How to Become a Purpose-Driven Storyteller Like National Geographic
“Let’s go further together.” Nadine Heggie, VP, Brand Partnerships, National Geographic Partners Europe & Africa
We are excited to announce the first round of leaders who will bring our 2020 theme HUMAN.X to life at the Broad stage this June (17-18).
Sixty-five percent of global consumers are making belief-driven purchases, a 50 percent year-over-year increase and sixty-percent of consumers are looking for brands to make it easier for them to see their values and propositions as important issues.
More than ever, consumers are looking to brands to be a voice for good in the world and a global leader in this space is National Geographic.
During #SMWLDN, Nadine Heggie, Vice President of Brand Partnership, National Geographic Partners shared insights into how the brand is dominating the social landscape by creating a virtuous cycle of purpose-led storytelling.
Here are the primary insights and takeaways:
- Purpose-led Stories are Fueled by the Truth
- Be Thumb-Stopping by Pushing Boundaries and Creating for the Platform
- Harness the Power of Communities to Boost Relevancy
- Reimagine Cultural Moments to Target New Audiences
- Empower and Add Value Through Interactivity
Purpose-led Stories are Fueled by the Truth
“In a world full of doubt and unease about the validity of content and authenticity, NatGeo is committed to science and fact-based reporting is our true north,” shared Heggie.
To underscore this point, she offered examples including Jane Goodall, Steve McCurry, most famous for his photograph Sharbat Gula also known as the “Afghan Girl” periodically featured on the cover of National Geographic, and Joel Sartore, head of The National Geographic Photo Ark project, a 25-year effort to document the approximately 12,000 species living in the world’s zoos and wildlife sanctuaries.
By emphasizing these efforts, NatGeo effectively taps into storytelling to fundamentally shape how we understand our planet and our role in it. “Purpose is at the heart of everything we do, and it’s a virtuous cycle…When we understand the world we are more likely to care for it and therefore take more responsibility,” said Heggie.
Be Thumb-Stopping by Pushing Boundaries and Creating for the Platform
For NatGeo, being thumb-stopping has everything to do with investment in storytelling. Particularly, an underlying goal of the company no matter what platform is being discussed is the achievement of strong visual storytelling.
“At the heart of our yellow border and what has fueled our brand is exploration, collaboration and an unmatched passion to push the boundaries.”

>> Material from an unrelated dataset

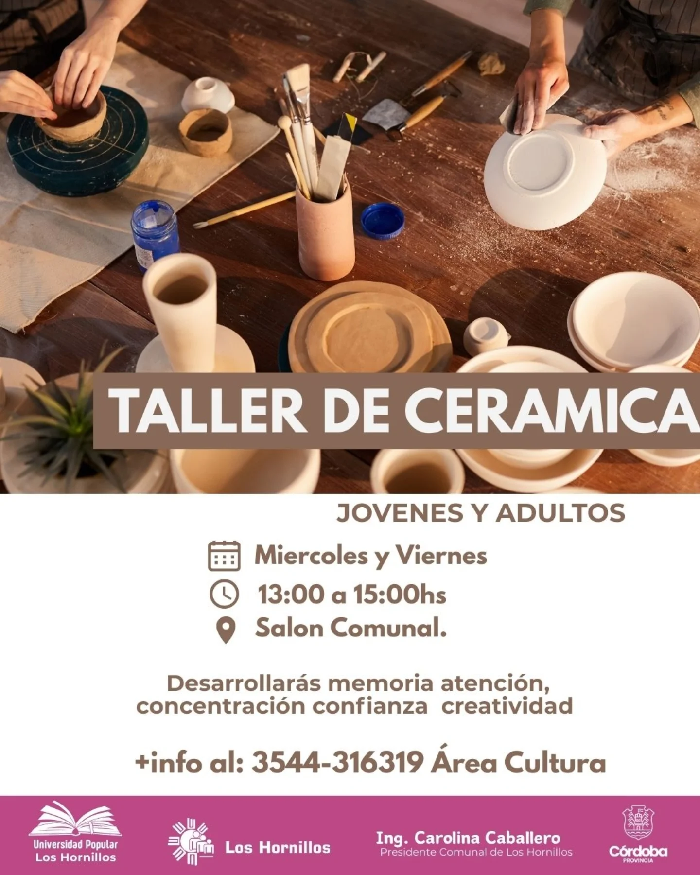 🏺 Cerámica: 13:00 a 15:00 hs.

Heggie shared the example of a YouTube documentary hosted by Bertie Gregory titled The Big Freeze. The combination of the story of his journey to Manitoba, his charismatic personality, and the intention to create the film it specifically for NatGeo’s YouTube audience has been critical to success. Video views are garnering 8x as many engagements as normal video content and the first episode of the series was one of the highest-grossing videos on youtube in July this year.

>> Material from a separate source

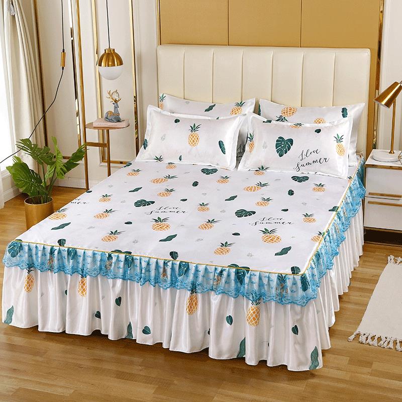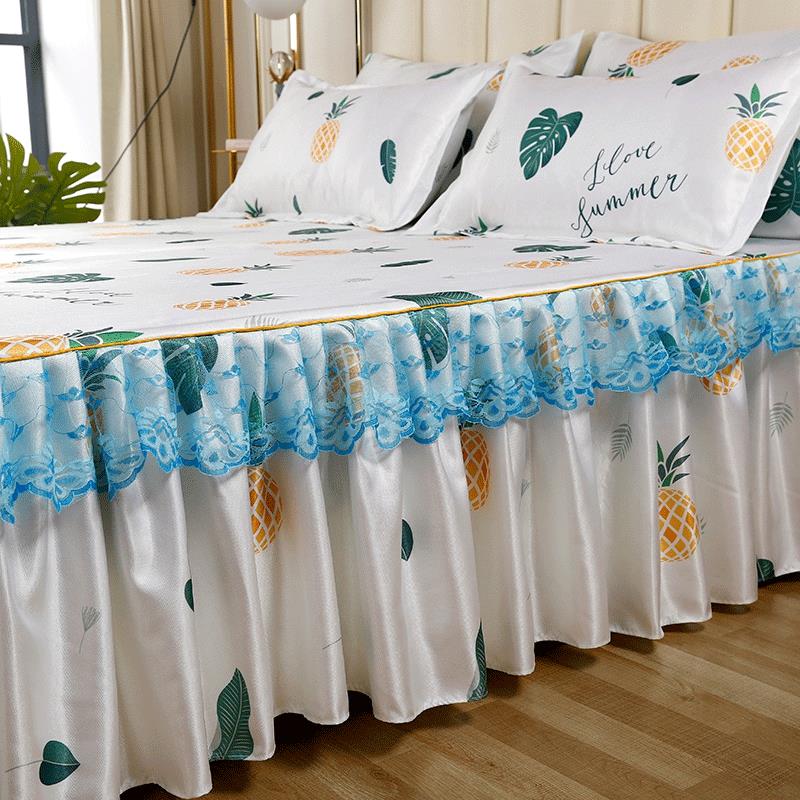印花蕾丝床裙款冰丝席凉席三件套【冰丝(聚酯纤维)/甜蜜菠萝】 |

It is these types of decisions that have translated into impressive outcomes for the brand including attracting 444 million followers on social and earning a total global audience reach of 760 million globally.

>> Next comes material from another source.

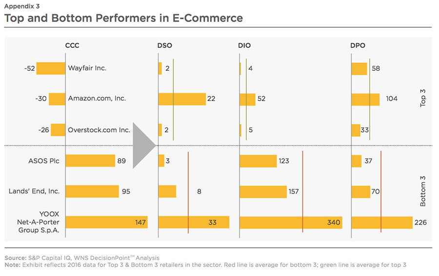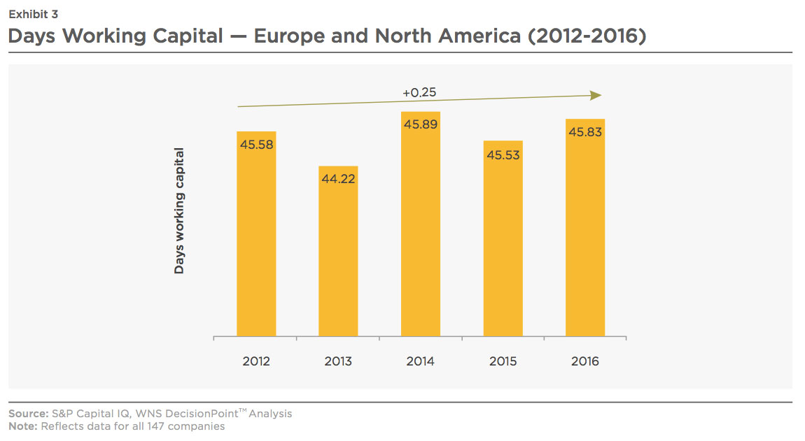 A WNS DecisionPoint™ analysis shows that from 2012-2016, the top 147 retailers in North America and Europe were unable to make sustainable improvements in working capital efficiency. During this period, the industry showed a decline of 0.25 days. However, the Cash Conversion Cycle (CCC) for sectors such as apparel, drug retail, food, hypermarkets, supercenters and general merchandise stores had improved significantly. On the other hand, the CCC for electronics, home improvement and furnishings, and specialty stores had deteriorated.

Harness the Power of Communities to Boost Relevancy
“At NatGeo we like to think that our social communities are just beginning of driving real social impact,” said Heggie.
She elaborated on this point by pointing to the brand’s Women of Impact community, launched in 2018. The collaboration with Facebook and Deloitte digital is primarily focused on spotlighting women in the areas of conservation, science and photography and has now grown to 70,000 members. This group, as Heggie put it, serves as the “springboard and inspiration” for the NatGeo editorial team which has recently taken a close look at the wider context behind the Me Too movement.
In 2019 the editorial team polled the group to gather their perspectives on harassment issues, the job market and feminism today. The results were shared just the other month in a dedicated edition of National Geographic Magazine.
Reimagine Cultural Moments to Target New Audiences
How do you engage with social at a time when there is a lot of noise around a cultural moment that is arguably one of the most viewed in history? How do you add value? How do you add value to your communities?
For NatGeo, it’s about tapping into authenticity and begin organic. A recent example of how the brand did this successfully is live-tweeting around the Apollo 11 expedition in commemoration of its 50th anniversary. For four days the brand tweeted about the piece of history and was able to share this cultural story in an innovative way that resonated with a new, younger generation of consumers.
Empower and Add Value Through Interactivity
NatGeo recently partnered with St. Ives in a program celebrating World Mental Health Day and tapped into Snapchat and Instagram in order to target Gen Z audiences and communicate the positive benefits of spending time in nature.
The campaign featured a photo contest where 16 winners will be chosen to travel with a NatGeo photographer to Yellowstone National Park to document and experience their own nature reset.
Separately, the brand’s partnership with Rwanda emphasized the symbiotic relationship between tourism and conservation.
Using polls on social media for people to vote on naming baby mountain gorillas, NatGeo effectively used interactivity to fuel its storytelling purpose and raise awareness of the country’s efforts in saving endangered species.
“Let’s go further together,” Heggie said to close the session.